Question

Problem 2
A consumer products firm has recently introduced a new brand. The firm would like to estimate the proportion of people in its target market segment who are aware of the new brand. As part of a larger market research study, it was found that in a sample of 125 randomly selected individuals from the target market segment, 84 individuals were aware of the firm’s new brand.

a. Construct a 95% confidence interval for the proportion of individuals in the target market segment who are aware of the firm’s new brand. If you use Excel and/or StatTools, please specify any functions you use and all the inputs.

b.
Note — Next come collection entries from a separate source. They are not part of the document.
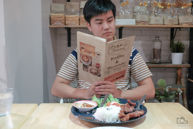 เราสั่งเมนูง่ายๆ อย่าง ข้าวหมูทอด คนละจาน กินง่าย อยู่ง่าย สไตล์เรา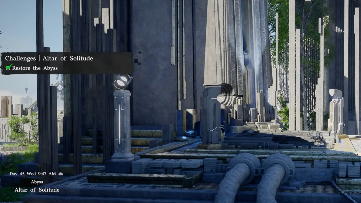 The Altar of Solitude is one of the longer Abyss Island puzzles in Crimson Desert, and it trips up a lot of players because the solution depends entirely on doing things in a precise sequence. The puzzle area is split into upper and lower levels connected by flipping platforms and a teleporter, and you need to shuttle energy plates (sometimes called "chips" or "circuits") between housings on the left side, right side, and center while using a blue energy cube to trigger platform rotations.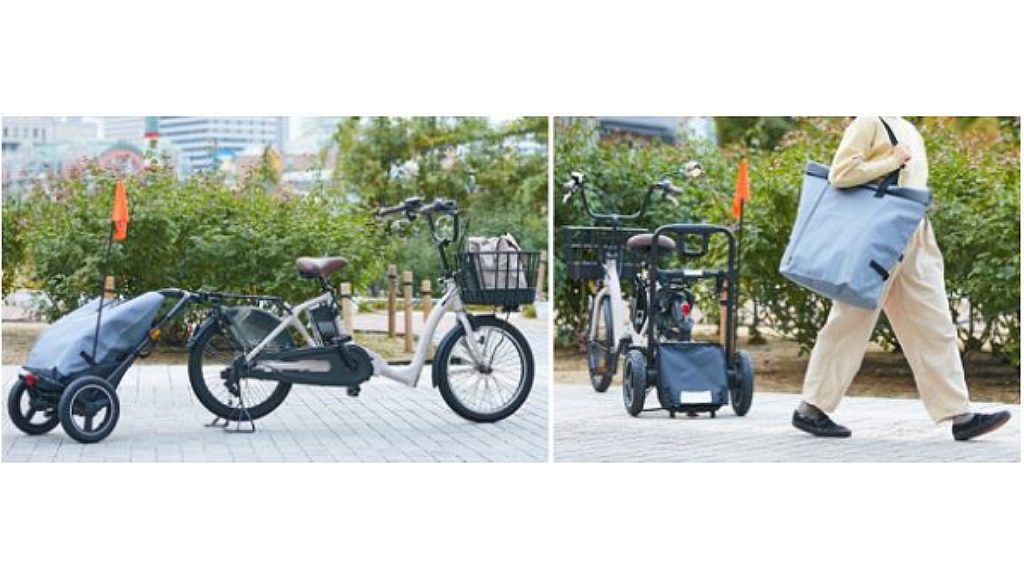 通園や買い物、外遊び時など、子どもを乗せながら大荷物になってしまう機会は少なくない。そんな危なっかしい場面をなんとかしたいと、自転車用チャイルドシートメーカーのパイオニアとして、約2年をかけて開発したのがCamilyだ。容量約95Lの専用コンテナバッグは、通園時に困るお昼寝布団2組を収納可能。荷物をハンドルにかける必要がなくなり、安全なハンドリングと、12インチのエアータイヤでスムーズな走行を実現した。トレーラーはワンタッチで着脱でき、キャリーカートとしても活躍する。自転車でのまとめ買いやアウトドアなど、お出かけの可能性を広げる。
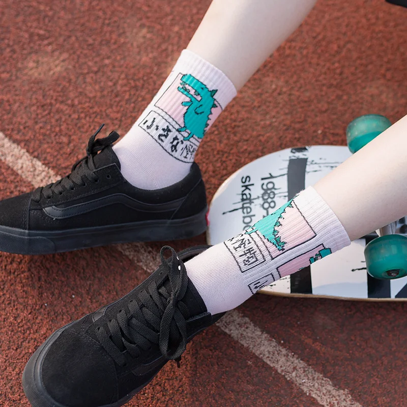 Новая мода харадзюку женские Девушки хип-хоп длинные носки с милыми животными носки с динозаврами для дам Смешные японский корейский стиль мультфильм носки корейский стиль,носки с принтом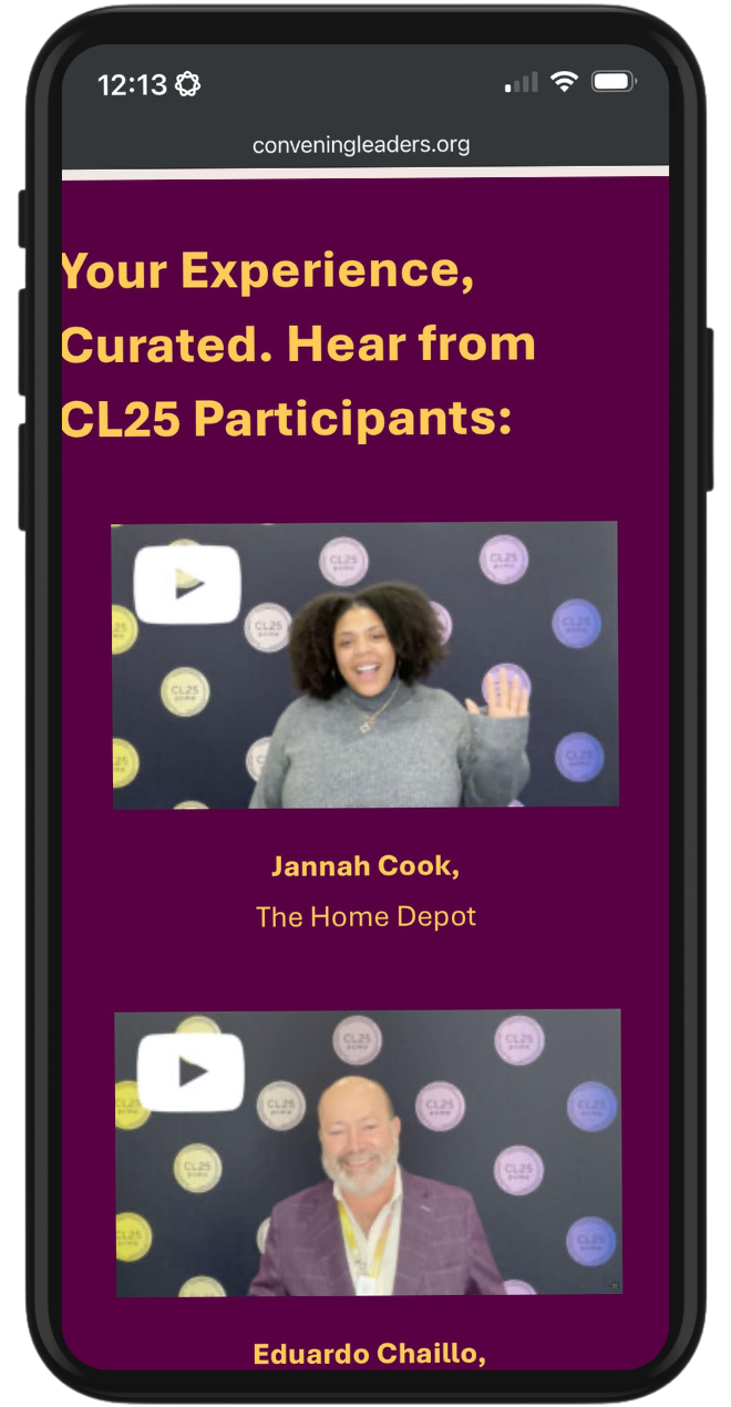From the broader library of attendee videos, PCMA selected three standout stories and gave them premium real estate on the Convening Leaders 2026 homepage, directly under the featured main stage speakers. This was more than a design choice; it was a strategic statement that: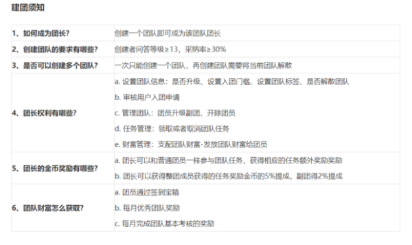 1、如何成为团长?创建一个团队即可成为该团队团长2、创建团队的要求有哪些?创建者问答等级≥13,采纳率≥30%3、是否可以创建多个团队?一次只能创建一个团队,再创建团队需要将当前团队解散4、团长权利有哪些?a. 设置团队信息:是否升级、设置入团门槛、设置团队标签、是否解散团队b. 审核用户入团申请c. 管理团队:团员升级副团、开除团员d. 任务管理:领取或者取消团队任务e. 财富管理:支配团队财富-发放团队财富给团员5、团长的金币奖励有哪些?a. 团长可以和普通团员一样参与团队任务,获得相应的任务额外奖励奖励b. 团长可以获得整团成员获得的任务奖励金币的5%提成,副团得2%提成6、团队财富怎么获取?a. 团员通过签到宝箱b. 每月优秀团队奖励c. 每月完成团队基本考核的奖励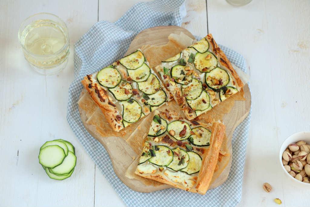 Zo stond ik vorige week woensdag na alle sportactiviteiten de plaattaart met courgette nogmaals in elkaar te draaien. De combinatie met geitenkaas, munt en pistachenootjes erbij is werkelijk geweldig. En ja, wanneer eet je nu de plaattaart? Ik vind een taart van bladerdeeg altijd iets feestelijks hebben. Bij een uitgebreide brunch zou deze niet misstaan, dus altijd een leuk idee voor Pasen. Snijd er dan kleinere stukken van, zodat iedereen een hapje kan proeven. Of serveer het als voorgerecht bij een dinertje. Of gewoon als avondeten op een vrijdagavond bijvoorbeeld met een extra salade erbij.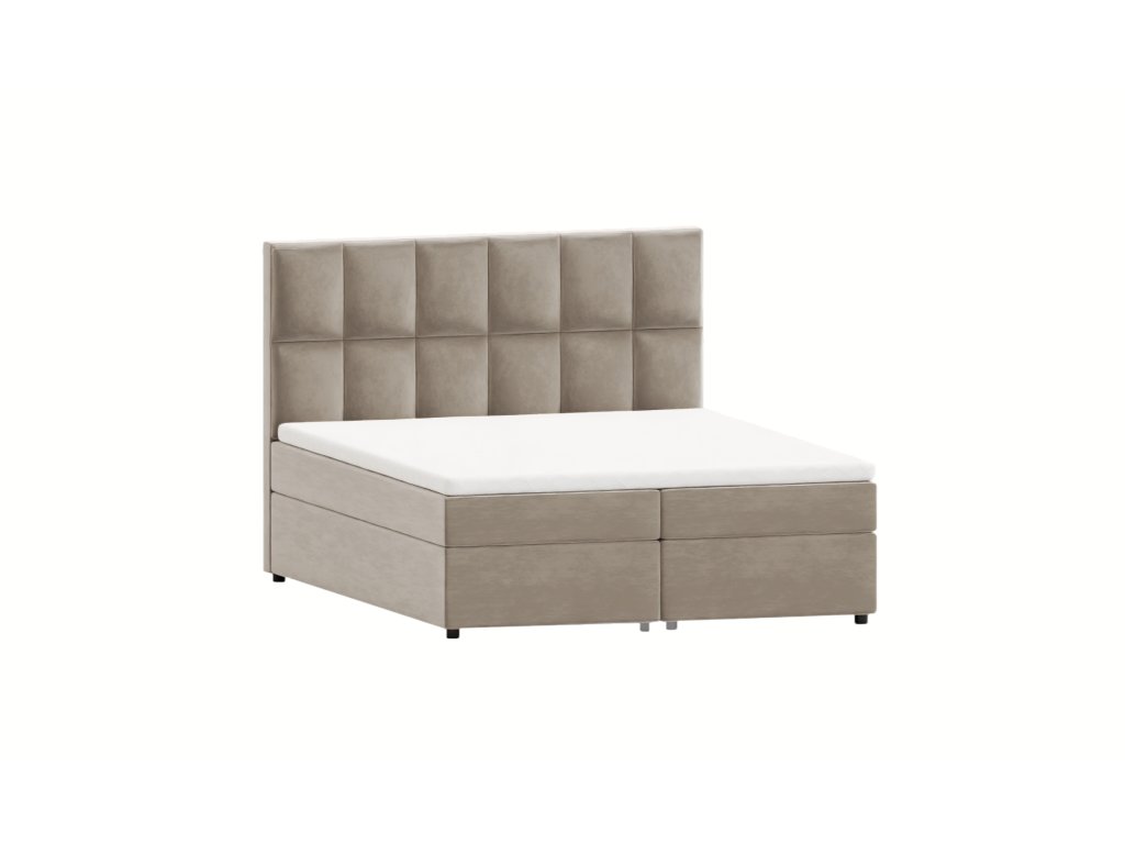 Postel je vybavena kvalitní matrací s bonellovými pružinami a vysoce elastickou pěnou pro maximální pohodlí. Čalouněné čelo o výšce 65 cm poskytuje stabilní oporu při čtení nebo relaxaci. Dva velké úložné boxy (31 × 86 × 196 cm) nabídnou dostatek místa na peřiny, polštáře nebo sezónní oblečení.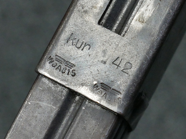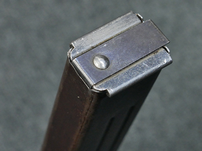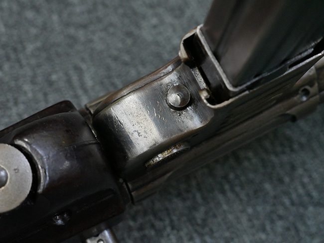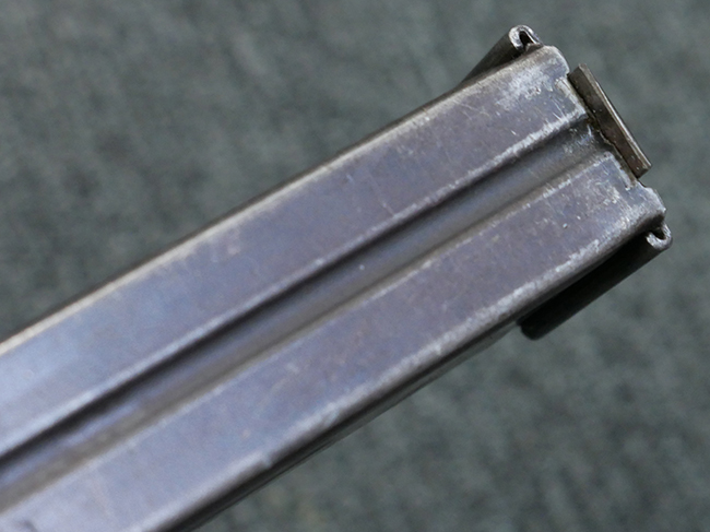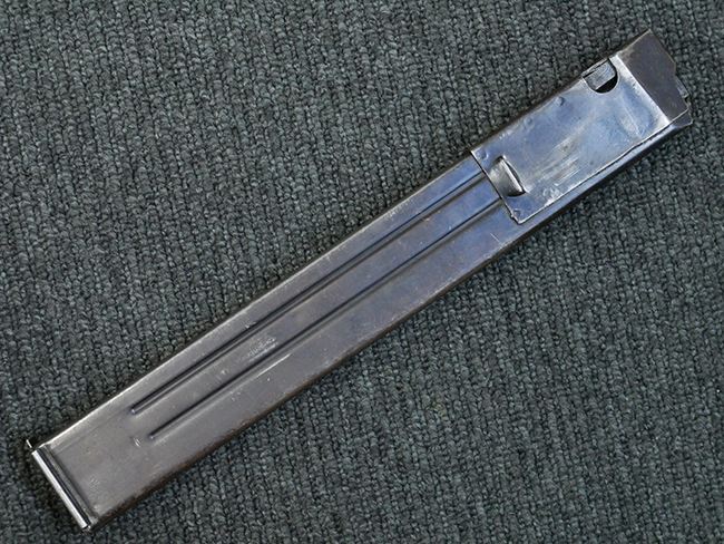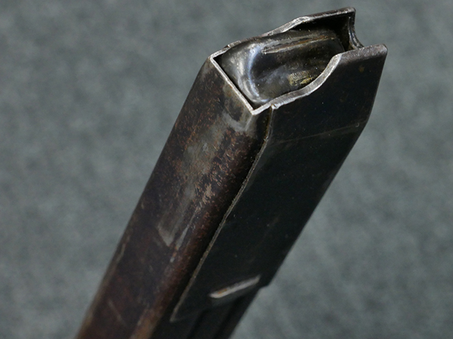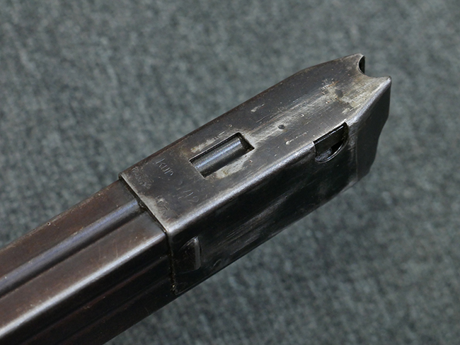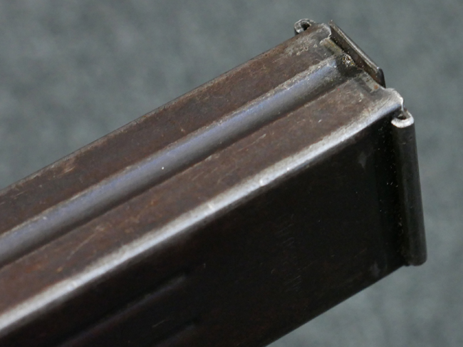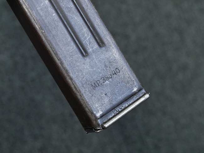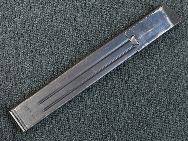 本品の金属部はやや打ち傷や擦れ、若干の表面錆や経年による褪色が見られるものの、現状目立った欠損等は見られません。 フロント・サイト、アッパー・レシーバー、レシーバー・エンド・キャップは表面仕上げが落ちて地の金属色が露出している状態です。 一方で銃身やバレル・ナット、ボルトやロアー・レシーバーには比較的ブルー仕上げが残っています。 上下レシーバーの取り付けにやや遊びが見られる他、トリガー・ガードには1カ所凹みが見られ、9701とペイントされていた痕が残っています。 フロント・サイト・ガードに若干の歪みが見られますが、あまり気にならないレベルのものです。 樹脂製のハンドガードやグリップ・パネル、バレル・レストについては、やや打ち傷や線傷、摩耗は見られるものの、大きな破損等は見られず、概ねしっかりとした状態が保たれています。 グリップ・パネルは左右の色味もほぼマッチしており、違和感は感じられません。 マガジンは取り付け時に前後にやや遊びが見られるものの、固定自体はしっかりとしています。 リア・サイトの切り替えやストックの展開・折り畳み操作については問題なく行う事が可能です。 ストックは展開時及び折り畳み時に遊びが見られますが、ロック機能に問題はありません。 付属のマガジンには「M.P.38 u 40」及び1942年 ステアー・ダイムラー・プフ社製を示す「kur 42」の刻印が入っています。 マガジン右側面にごく浅い凹みが見られますが、フォロアーの動きはスムーズです。 ボトム・プレート固定用の板バネ折り返し部分に欠損が見られますが、マガジン・スプリングのテンションが掛かっているため勝手に脱落してしまうことはありません。 その他、マガジン外装にはやや小傷や表面仕上げの褪色、若干の表面錆痕が見られるものの、大きな変形等は見られず、比較的しっかりとした状態が保たれています。 マガジン・スプリングは入っています。

The manager in charge of the new brand has stated that the brand awareness is greater than .75, meaning that more than 75% of the population is aware of the brand. He would like to use hypothesis testing to prove his claim. At the 5% significance level, conduct a hypothesis test with the goal of proving his claim. In particular
i) specify the null hypothesis and the alternative hypothesis,
ii) state whether you are using a one- or two-tailed test,
iii) specify the p-value of the test, and iv) provide the results of the test in “plain English”.
Hints: 1) Think carefully about what is the null hypothesis, and what is the alternative. 2) If you want to use StatTools for the analysis, you need to create the survey data in Excel first; then you can run the analysis.

For future polls, the firm is interested in minimizing their marketing-research costs. The margin of error (MOE) in their pools should be no larger than B (i.e., ± 100B percentage points). To simplify the analysis, we will assume their marketing study only has a single question that is used to estimate p, at the 5% significance level. I

c. If the firm had no prior knowledge of p, how large would the sample size have to be to ensure MOE ≤ B? (Hint: your answer will be a formula containing B).
d. The firm has prior knowledge that p will likely be somewhere between .10 and .20 (that is between 10% and 20%). How large should the sample be if they would like to ensure that MOE (=B) is no larger than 0.01 or 1%?


*Please show work in Excel. I have almost entirely solved a and b, and mostly need help with c & d. Thanks

Answer 1

Question 1

Arrangement:

We are given

Test measure = n = 125

Number of achievements = x = 84

Certainty level = 95%

Test extent = P = x/n = 84/125 = 0.672

Basic z esteem = 1.96 (by utilizing z-table or exceed expectations)

Certainty interim = P -/+ Z*sqrt(P*(1 – P)/N)

Certainty interim = 0.672 -/+ 1.96*sqrt(0.672*(1 – 0.672)/125)

Certainty interim = 0.672 -/+ 1.96*0.0420

Certainty interim = 0.672 -/+ 0.0823

Lower limit = 0.672 – 0.0823 = 0.5897

Furthest breaking point = 0.672 + 0.0823 = 0.7543

Certainty interim = (0.5897, 0.7543)

Question 2

Here, we need to utilize z test for populace extent. The invalid and elective theory for this test is given as beneath:

(I)

Invalid speculation: H0: The extent of the people who know about new brand is 75%.

Elective theory: Ha: The extent of the people who know about new brand is more noteworthy than 75%.

(ii)

H0: p = 0.75 versus Ha: p > 0.75

This is a one followed test. (Upper followed or right followed test)

We are given

Test measure = n = 125

Number of achievements = x = 84

Test extent = P = x/n = 84/125 = 0.672

Dimension of criticalness = α = 5% = 0.05

Basic Z esteem = 1.6449

Test measurement equation is given as beneath:

Z = (P – p)/sqrt(p*(1 – p)/n)

Z = (0.672 – 0.75)/sqrt(0.75*(1 – 0.75)/125)

Z = - 0.078/0.0387

Z = - 2.0140

(iii)

P-esteem = 0.9780

(by utilizing z-table or exceed expectations)

(Exceed expectations direction: =1-normsdist(- 2.0140))

α = 0.05

P-esteem > α

In this way, we don't dismiss the invalid speculation that the extent of the people who know about new brand is 75%.

(iv)

There is inadequate proof to reason that extent of the people who know about new brand is more prominent than 75%.